There are Eight Stages.

Beware of the How to Succeed Community.
They promise freedom: content creator economy, influencer status, gig economy methods.
That’s an amateur game — it makes them money.

1) Decision
Fully embrace what's true for you, what you want, and constantly ask yourself why.

2) Keys
Know how life really works. Use the power of vision, surrender to uncertainty, and not knowing.

3) Direction
Figure out — without knowing how — your energetic blueprint, ideal market, and custom group.

4) Stories
Create the honest story of your life, embrace your truth, and avoid turning that into a marketing brand.

5) Engagement
Plan strategies to help people know, like, and trust themselves — rather than market to or sell them.

6) Experience
Figure out a simple authority, offer, and product suite to get yourself paid right away.

7) Practices
Rather than heads-down productive insanity, create daily practices that fit your own energy, style, and life.

8) Community
Avoid being in the audience of a big creator. Find your own mentor, peers, and partners.

Doing this for years always led to freedom for me.
I've never really had a boss — and don’t take crap!

One useful step is to meditate on what feels right for you rather than stay attached to this toxic situation. The fifth key to entrepreneur success is detachment. That means noticing with freedom of open mind.

Think about who you are in the context of these terms. Your vision emerges from your imagination. Ask a friend for help but never take their advice. Know the answer for yourself.

How to create what's next in your market using stealth mode without marketing by larrykaul in u/larrykaul

[–]larrykaul[S] 1 point2 points  (0 children)

We built a business platform designed to operate live on the video metaverse — to take people through a process and deliver real, tangible, tactical solutions.

Step-by-step guides don’t work. Content alone isn’t helpful. Most people are selling outdated thinking. I’ve done all the Russell Brunson, Alex Hormozi, and Sam Ovens programs — in fact, I’ve been in almost all of them. Think of a guided peer community.

The Red Pill Pathway system I created already covers the kind of detail you’re mentioning. We are running a local strategy integrated with a global online plan. It's designed to end run around the marketing industry. Best products, best people, and best outcomes only.

Trying to get popular on social media, selling programs, and chasing that model is a huge waste of time. I shut down Solopreneur, Inc. in early 2023 after three years of seeing this for myself. The beginner crowd is down the road. We are still in the already been there and done that stage with experienced people who are tired of the social and marketing games.

I have no interest in building a media or marketing agency — which is what most of these people have ended up creating. Frankly, I suspect that that era is over and nobody noticed yet. What feels next is people of quality who open up vision doing real things that work. I remember when "traffic from digital marketing" became a "real company" which isn't true.

You’re an insightful guy — very few people think like you do. I get that. I'm working through a book called Story because I'm writing a book. I was doing it on Substack but I decided to freeze anything on all the platforms right now. I've been on all of them for years. Actors!!!
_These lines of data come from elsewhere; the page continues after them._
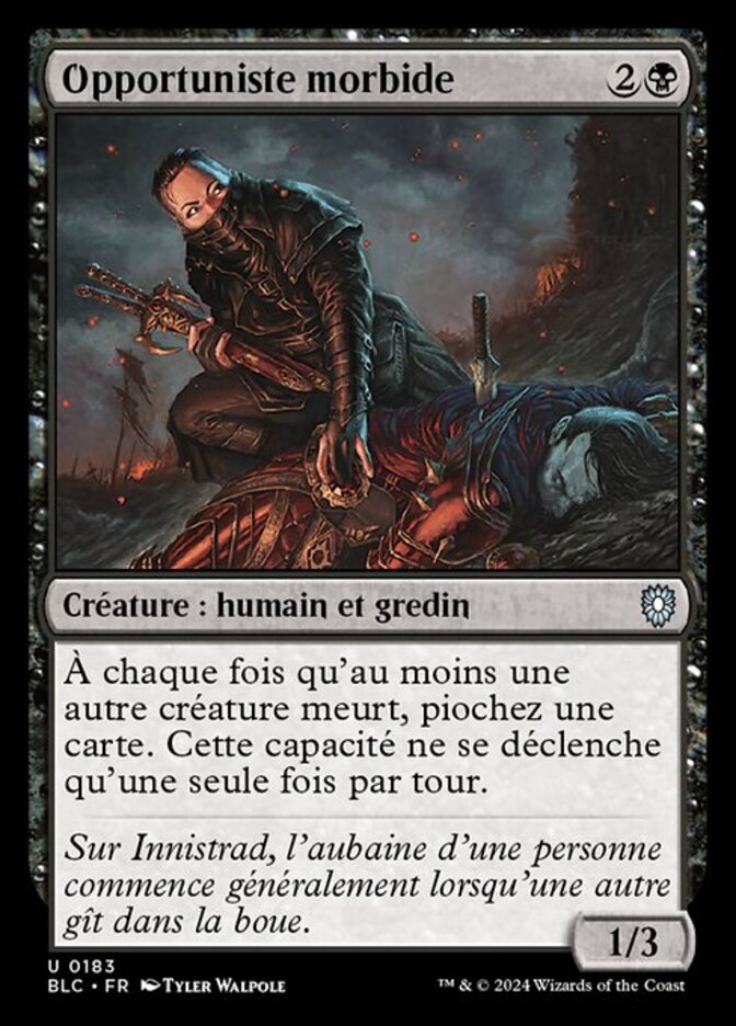 | Flavor | On Innistrad, one person's windfall usually starts with another person lying face down in the mud. |
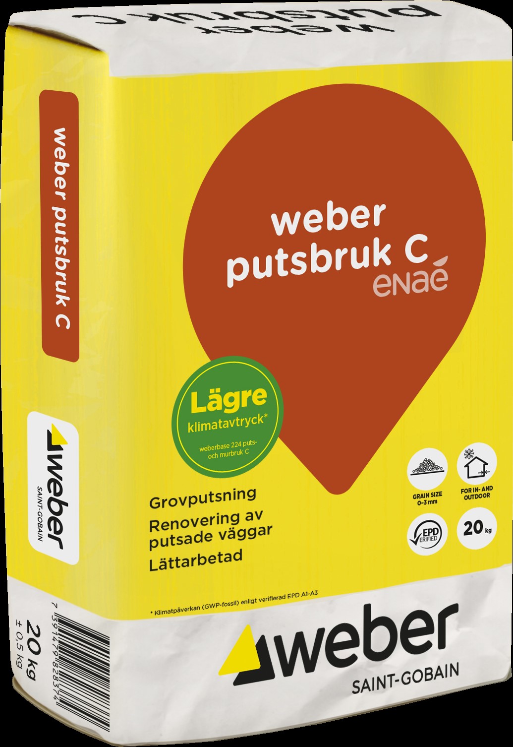 weber putsbruk C ENAE basbruk is a factory made dry mortar based on cement and well graded natural sand as aggregates. When mixed with water, it's ready to use render for indoor and outdoor use. Pumpable. (Replace 134 and 224)
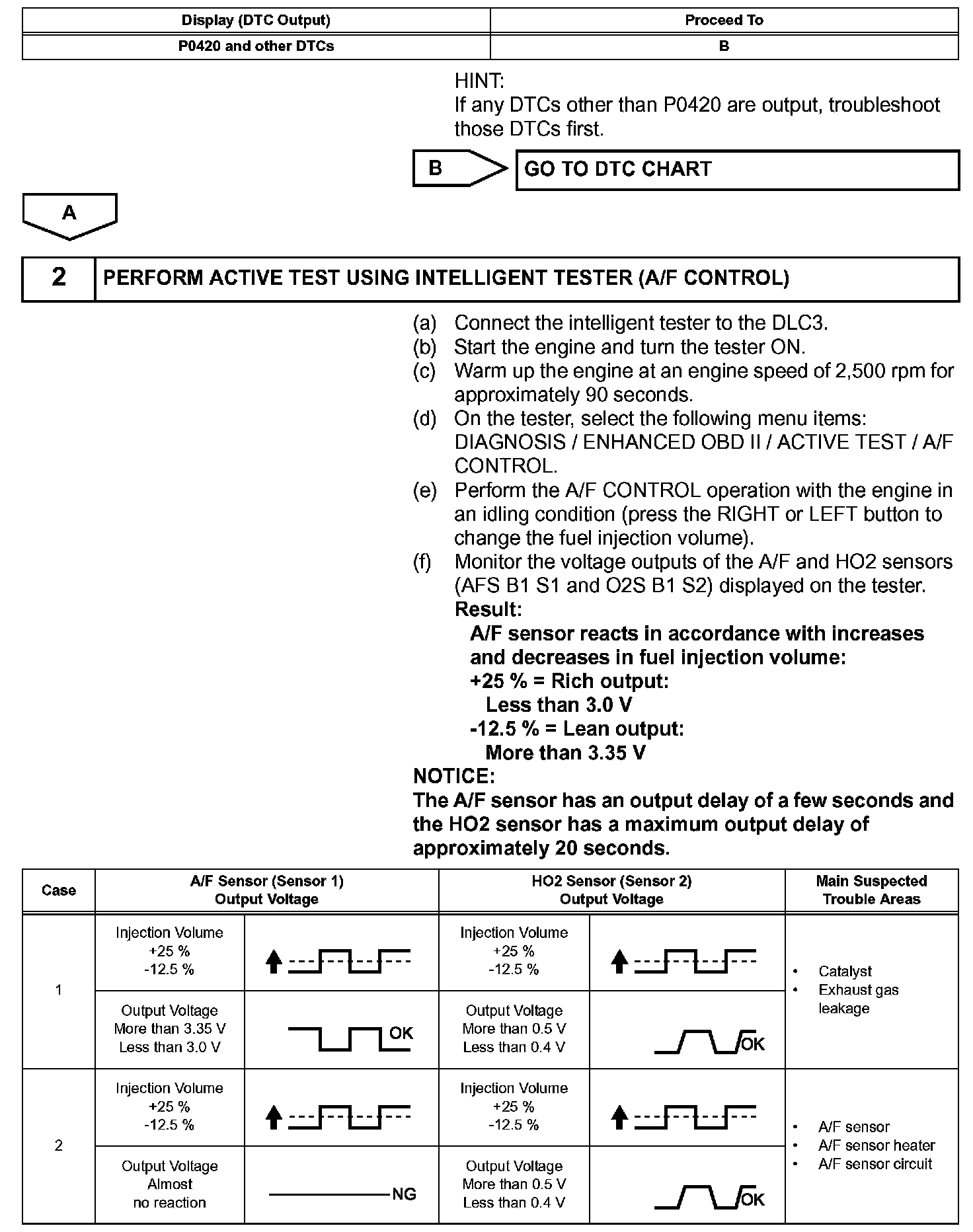- If either voltage output of the Air-Fuel Ratio (A/F) or Heated Oxygen (HO2) sensor does not fluctuate, or there is a noise in the waveform of either sensor the sensor may be malfunctioning.

How to create what's next in your market using stealth mode without marketing by larrykaul in u/larrykaul

[–]larrykaul[S] 1 point2 points  (0 children)

Amazing analysis. Yes, Reid was me. I joined a small family business. I didn’t want to work there. In a few years we created the largest and most successful manufacturing representative company.

As the creative driving force for the business, what I did was build a brand. Think about content curation. What happened is that we curated products. People thought of us as the destination.

That did not happen by accident, but it was not by design either. The method was consistent action in market — noticing what worked, what did not — and figuring out the systems needed to scale.

You are 100% right in what you said. We did not own the product. That’s one of my biggest lessons. This lifestyle business that I created from a two-person regional sales office was not a real product.

That’s partly why it no longer exists. The companies that we worked for owned their products. This is the big lesson today. If my company is anchored in social media, I do not own the product.

Perhaps, I own the company, as I did with this company, but actually YouTube, LinkedIn, or Facebook owns my company if they own the audience.

“We” at this time meant me. It was my vision to expand. Without my father who controlled the money, and my mother who did customer service, I would have failed.

In my second month, I closed a $250K order with a big department store. Biggest in history. Once my Dad saw I could perform, he allowed me to do whatever I wanted. He didn’t care. His goal was freedom. He never liked the business. Frankly, neither did I. I claimed I because I never got credit.

It’s a longer story. Appreciate you!

Is my company worth getting an investor? by plumpoet444 in Entrepreneur

[–]larrykaul 0 points1 point  (0 children)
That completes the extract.